- **Goal of the exercise**:
Repeat the data word for word and skip the pictures.

- **Data segment**:
---

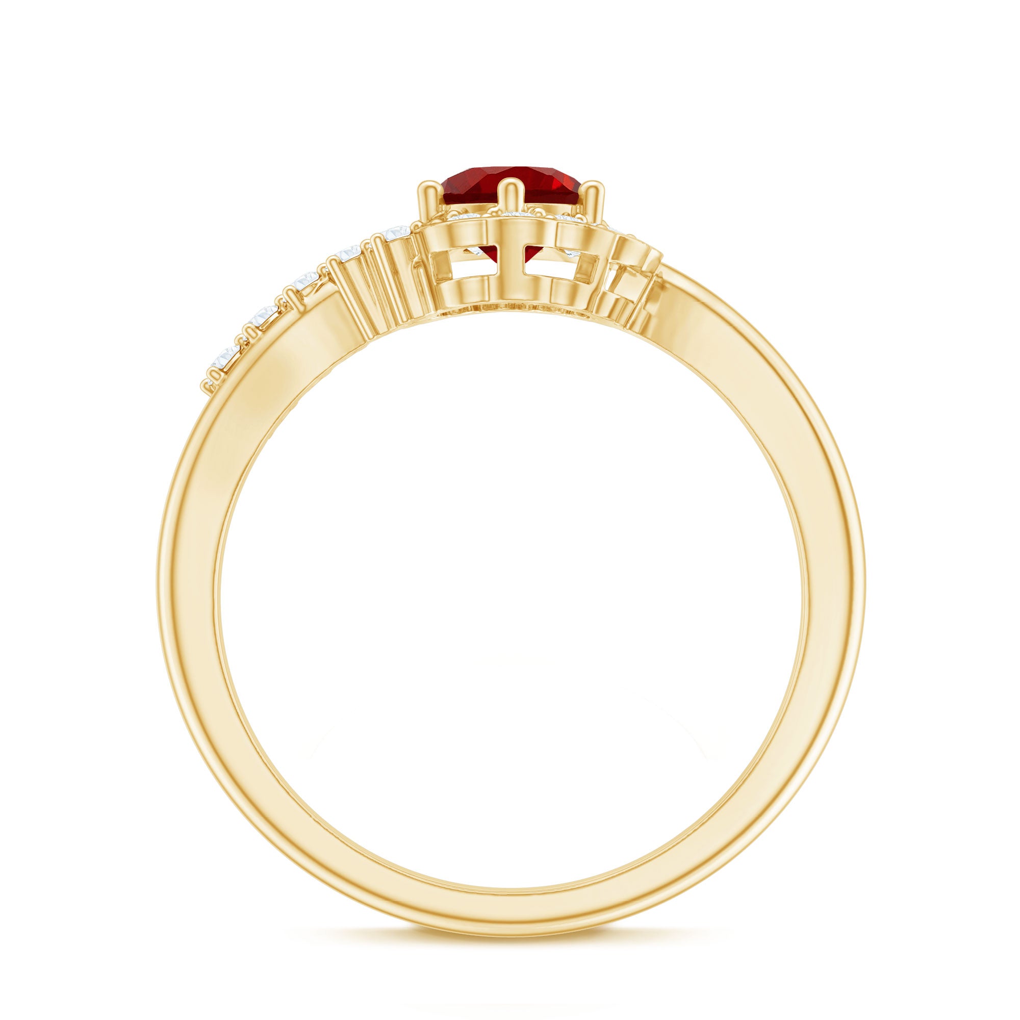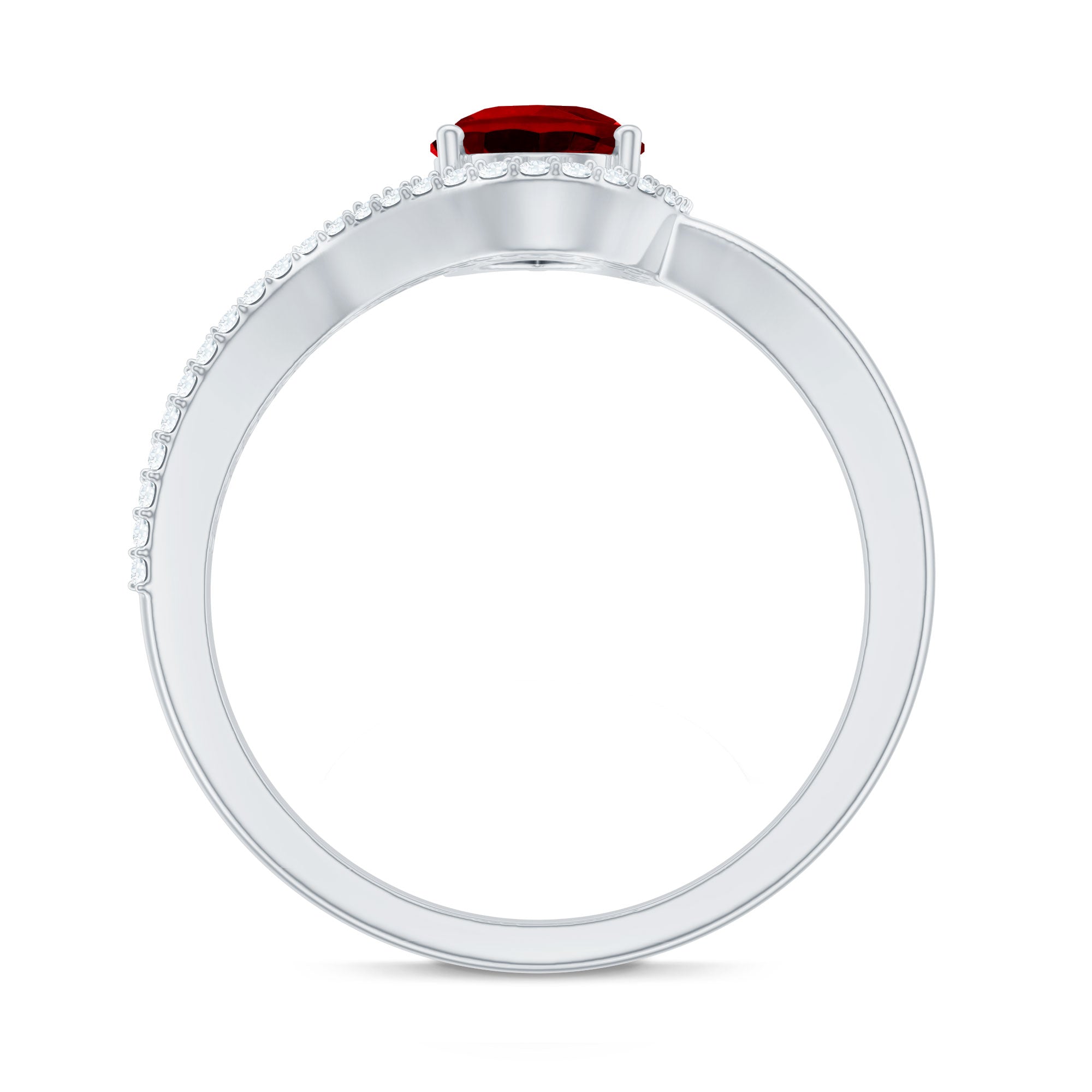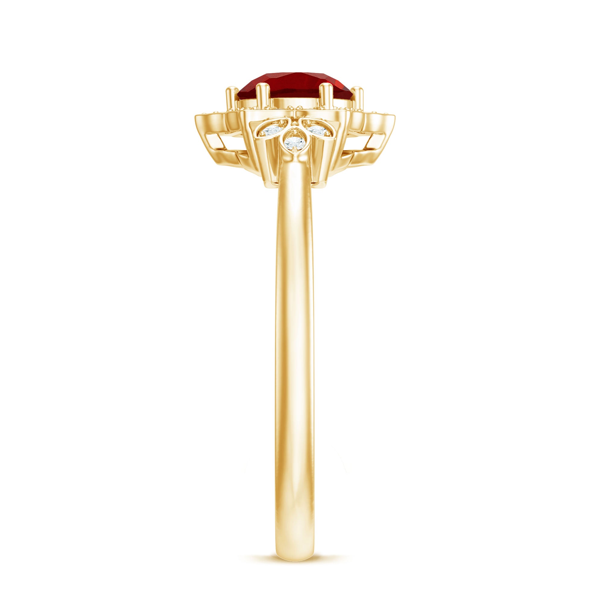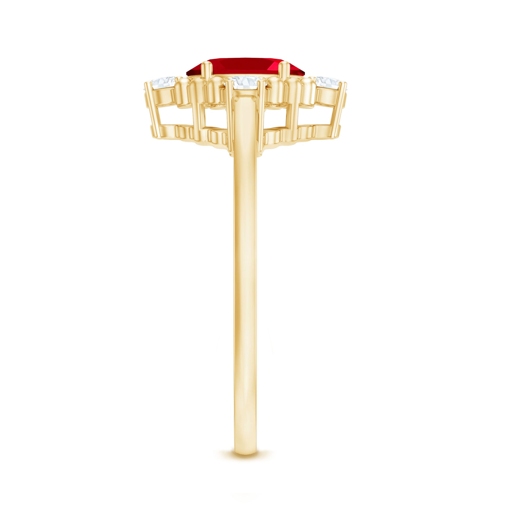 Halo Engagement Rings are beautiful designs for those looking for an affordable alternative to solitaire rings. Small solitaire ruby gemstones are placed between a circle of small gemstones, creating beautiful designs. The side stones may be rubies, diamond accents, or other gemstones, opening design options in artificial ruby rings.
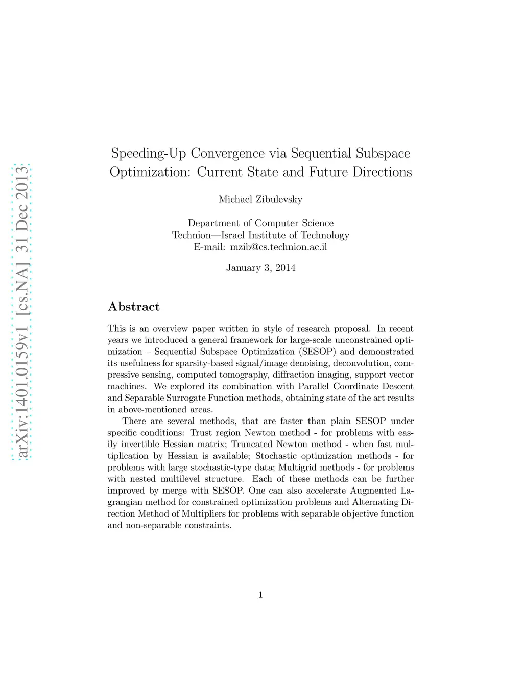 This is an overview paper written in style of research proposal. In recent years we introduced a general framework for large-scale unconstrained optimization -- Sequential Subspace Optimization (SESOP) and demonstrated its usefulness for sparsity-based signal/image denoising, deconvolution, compressive sensing, computed tomography, diffraction imaging, support vector machines. We explored its combination with Parallel Coordinate Descent and Separable Surrogate Function methods, obtaining state of the art results in above-mentioned areas. There are several methods, that are faster than plain SESOP under specific conditions: Trust region Newton method - for problems with easily invertible Hessian matrix; Truncated Newton method - when fast multiplication by Hessian is available; Stochastic optimization methods - for problems with large stochastic-type data; Multigrid methods - for problems with nested multilevel structure. Each of these methods can be further improved by merge with SESOP. One can also accelerate Augmented Lagrangian method for constrained optimization problems and Alternating Direction Method of Multipliers for problems with separable objective function and non-separable constraints.
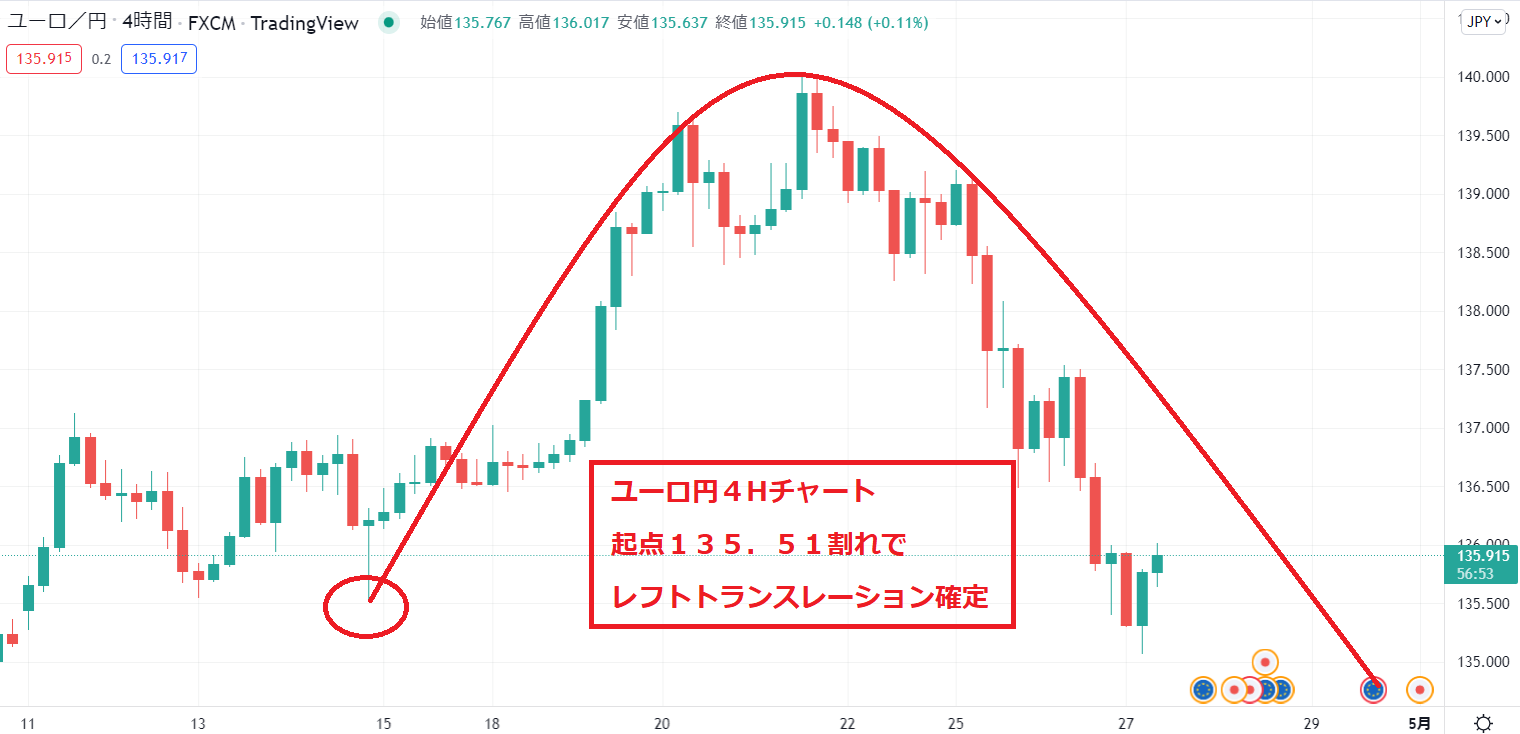ユーロ円も意識されていた起点135.51割れになりましたのでレフトトランスレーション確定のシナリオです。

---

- **Exercise response**:
 Halo Engagement Rings are beautiful designs for those looking for an affordable alternative to solitaire rings. Small solitaire ruby gemstones are placed between a circle of small gemstones, creating beautiful designs. The side stones may be rubies, diamond accents, or other gemstones, opening design options in artificial ruby rings.
 This is an overview paper written in style of research proposal. In recent years we introduced a general framework for large-scale unconstrained optimization -- Sequential Subspace Optimization (SESOP) and demonstrated its usefulness for sparsity-based signal/image denoising, deconvolution, compressive sensing, computed tomography, diffraction imaging, support vector machines. We explored its combination with Parallel Coordinate Descent and Separable Surrogate Function methods, obtaining state of the art results in above-mentioned areas. There are several methods, that are faster than plain SESOP under specific conditions: Trust region Newton method - for problems with easily invertible Hessian matrix; Truncated Newton method - when fast multiplication by Hessian is available; Stochastic optimization methods - for problems with large stochastic-type data; Multigrid methods - for problems with nested multilevel structure. Each of these methods can be further improved by merge with SESOP. One can also accelerate Augmented Lagrangian method for constrained optimization problems and Alternating Direction Method of Multipliers for problems with separable objective function and non-separable constraints.
ユーロ円も意識されていた起点135.51割れになりましたのでレフトトランスレーション確定のシナリオです。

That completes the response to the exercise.